A l’abri de la grande faucheuse

Invisible dans le ciel bleu, une alouette des champs égrène sans relâche ses notes mélodieuses. A la sortie du bourg de Novalles, le paysage s’ouvre. « Ici, les parcelles sont plus productives et étendues, les agriculteurs n’ont pas envie de les morceler. C’est souvent difficile d’y intégrer des haies ou des cordons boisés », relève Marion. Heureusement, une magnifique jachère florale pourvue de quelques noyers s’étale entre les cultures. De quoi offrir un refuge à l’alouette et au tarier pâtre qui pourront y élever leurs jeunes sans craindre le passage de la faucheuse.

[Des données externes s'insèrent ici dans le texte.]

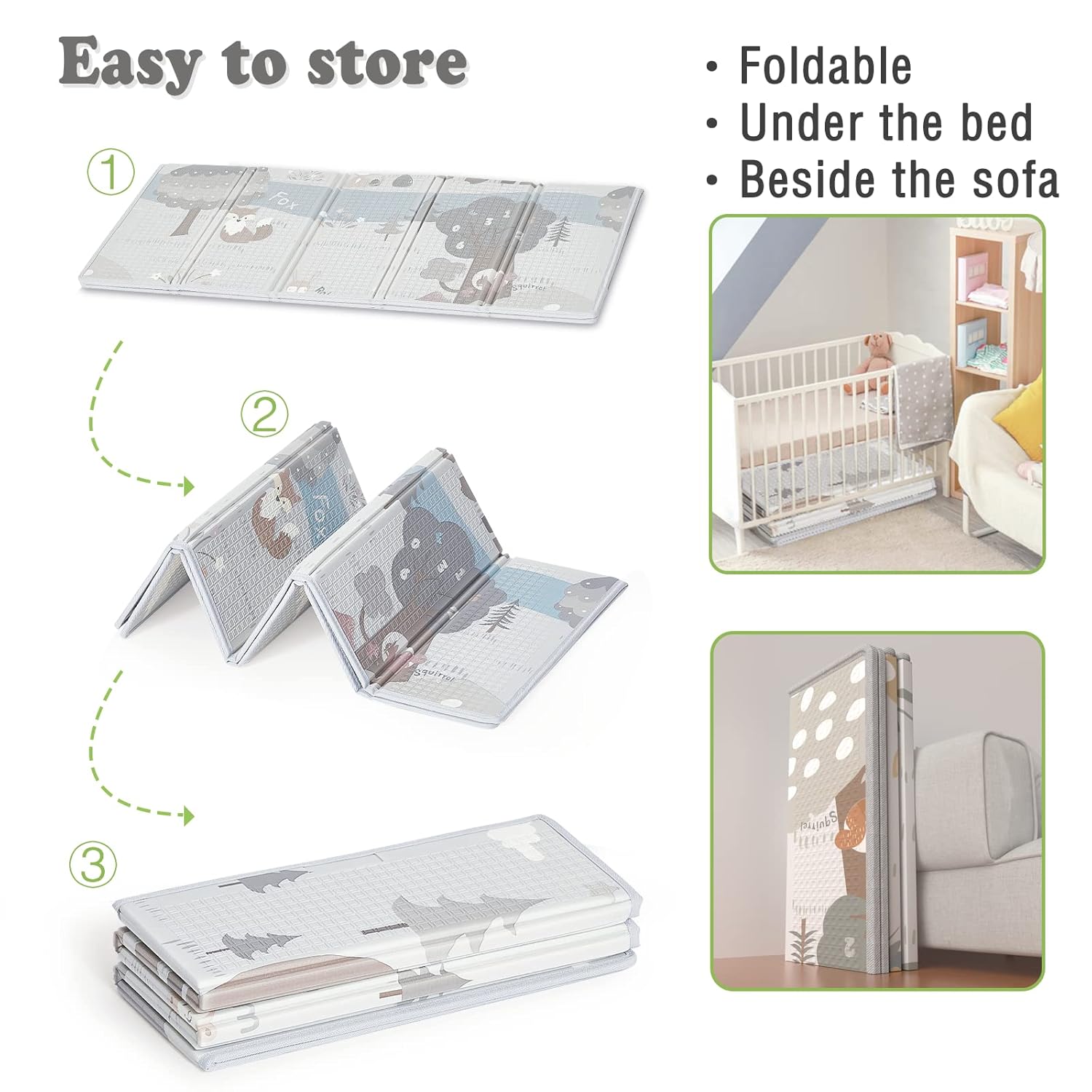 • Folded size very small: This baby play mat folds up to very little space(Length: 6 x iphone 11) and could easily fit under a bed or in the corner,This baby mat will fit pretty much anywhere

Cet îlot de verdure est aussi un relais salutaire pour les animaux qui voudraient se déplacer d’une zone plus naturelle à une autre. « L’une des belles réalisations sur le réseau de l’Arnon, c’est l’implantation d’un ensemble de petites jachères comme celle-ci dans un secteur intensif », se félicite Marion.

Le chant de l’eau

Faux à la main, une habitante du coin entretient la bande herbeuse au bord d’un plan d’eau. « Pour l’observatoire, passez par là ! », nous lance-t-elle, joviale. Marion s’engage sur le chemin d’approche, attentive. « La réserve naturelle de l’étang de la Scie est toute petite, mais précieuse pour les espèces aquatiques et celles liées au paysage agricole. » Aujourd’hui, le rire des grenouilles vertes se mêle aux gazouillis d’une rousserolle cachée dans la végétation. Quelques hirondelles rustiques étanchent leur soif en plein vol, ignorant les manœuvres acrobatiques de grandes libellules en chasse au-dessus de la roselière.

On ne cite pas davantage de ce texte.